Swiss Life Holding, Switzerland’s largest life insurance company, and three of its subsidiaries entered a deferred prosecution agreement (DPA) and will pay $77.4 million for conspiring with U.S. taxpayers to conceal more than $1.4 billion in offshore insurance policies, the Department of Justice announced Friday.

Swiss Life and its affiliated insurance carriers—Swiss Life Liechtenstein, Swiss Life Singapore, and Swiss Life Luxembourg—admitted to the scheme, which ran from 2005 to 2014, according to the Justice Department. The $77.4 million payment includes $16.3 million in restitution to the Internal Revenue Service (IRS); forfeiture of $35.8 million to the United States; and a penalty of approximately $25.2 million.
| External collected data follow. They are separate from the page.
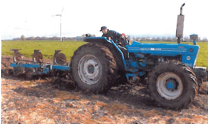
Ford 1186, a six cylinder conversion no doubt carried out by Belgian firm EVA to be sold through the Ford dealer network in several European countries
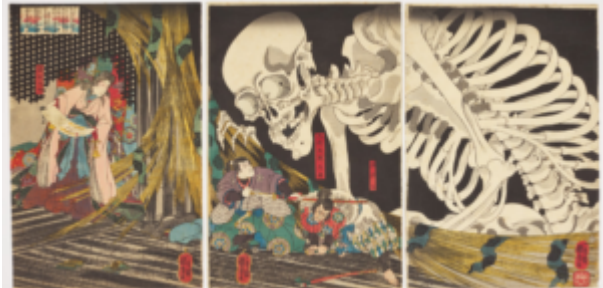
A Hungry Ghost is Never Satisfied November 17, 2021
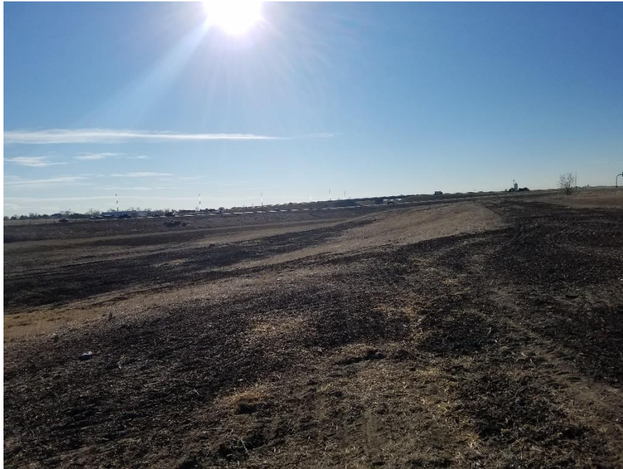
Figure 3. From the entrance of the mine site looking south.
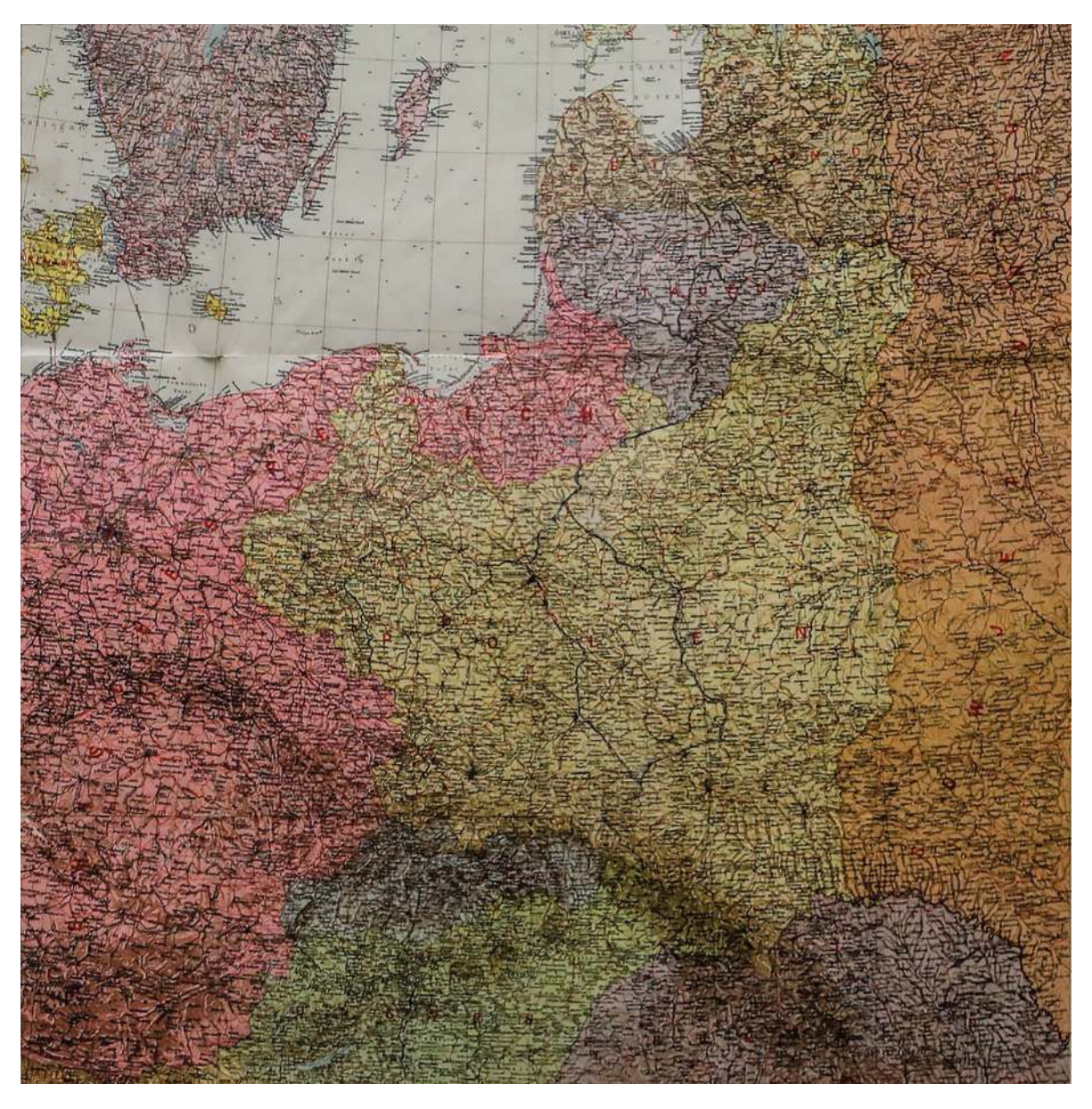
I.2. Map of western Germany, Poland, and western USSR in the 1930s. Source: Der Deutsche Osten und Polen, Maßstab 1:2000000 (Bielefeld: Verlag von Velhagen & Klafing, 1939).

that has traditionally been given to time and history on the one hand, and to social relations and society on the other." <sup>15</sup>
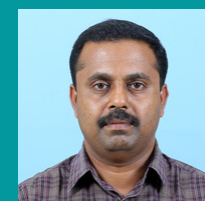
Aji MG Mfg

Additionally, under the DPA terms, the Swiss Life entities agreed to accept responsibility for their criminal conduct and must “refrain from all future criminal conduct, enhance remedial measures, and continue to cooperate fully with further investigations into hidden insurance policies and related policy investment accounts.” If the entities abide by all the terms, the government will defer prosecution for three years and then seek to dismiss the charge.

The DPA does not include any requirement for Swiss Life to retain an independent compliance monitor.

The details: The offshore policies concealed by Swiss Life from the IRS included approximately 1,608 private placement life insurance (PPLI) policies and related accounts in banks around the world and the income generated in these accounts.

Beginning as early as 2008, “the PPLI carriers were aware that UBS and other Swiss banks were terminating or reevaluating their business relationships with U.S. clients in response to increasing offshore tax enforcement efforts by U.S. authorities,” the Justice Department stated. “Certain management and sales personnel within the Swiss Life PPLI Business Unit viewed these developments as a business opportunity to expand the PPLI business by onboarding U.S. clients who were fleeing UBS and other Swiss banks.”

“Members of management of the PPLI Business Unit knew about and authorized the onboarding of U.S. clients without regard to whether they were declared or undeclared,” the Justice Department added.

Swiss Life engaged in additional misconduct, including:

  • Funding or terminating U.S.-related PPLI policies through asset transfers from/to an account maintained by a third party associated with the policyholder;
  • Assisting U.S. taxpayers in establishing and maintaining PPLI policies in the name of a foreign relative with the effect of obscuring the U.S. nexus of the assets used to fund the policy or to repatriate the U.S. taxpayer’s undeclared assets through a sham death payout;
  • Allowing policyholders to designate an authorized recipient to receive policy documents and custodian investment account statements, rather than having those documents sent directly to the policyholder; and
  • Misusing corporate premium bank accounts as a transitory account to help conceal the movement of U.S. clients’ funds.

Compliance lessons: The $25.2 million penalty Swiss Life agreed to pay was discounted 50 percent for cooperation. The Justice Department said it considered Swiss Life “conducted a robust internal investigation; supplied client-related data; facilitated the acquisition by the Justice Department of information relating to custodian banks, asset managers, and other entities and individuals related to Switzerland, Liechtenstein, and Singapore; and otherwise meaningfully assisted the Department’s cross-border tax enforcement efforts.”

“In addition, Swiss Life conducted extensive outreach to current and former U.S. clients to confirm historical tax compliance, and to encourage disclosure to the IRS when policyholders’ historical tax compliance issues had not yet been resolved,” the Justice Department added. “Swiss Life further implemented remedial measures to protect against the use of its services for tax evasion in the future.”

The resolution with Swiss Life “sends an unequivocal message that offshore evasion is still a high priority of IRS Criminal Investigation,” stated James Lee, chief of IRS Criminal Investigation.

The Justice Department’s inquiry into Swiss Life began in September 2017 and concerned “legacy business” with U.S. clients, the company said in a statement.

“Swiss Life is now focused on fulfilling the requirements under the resolution and successfully concluding the DPA,” the company stated.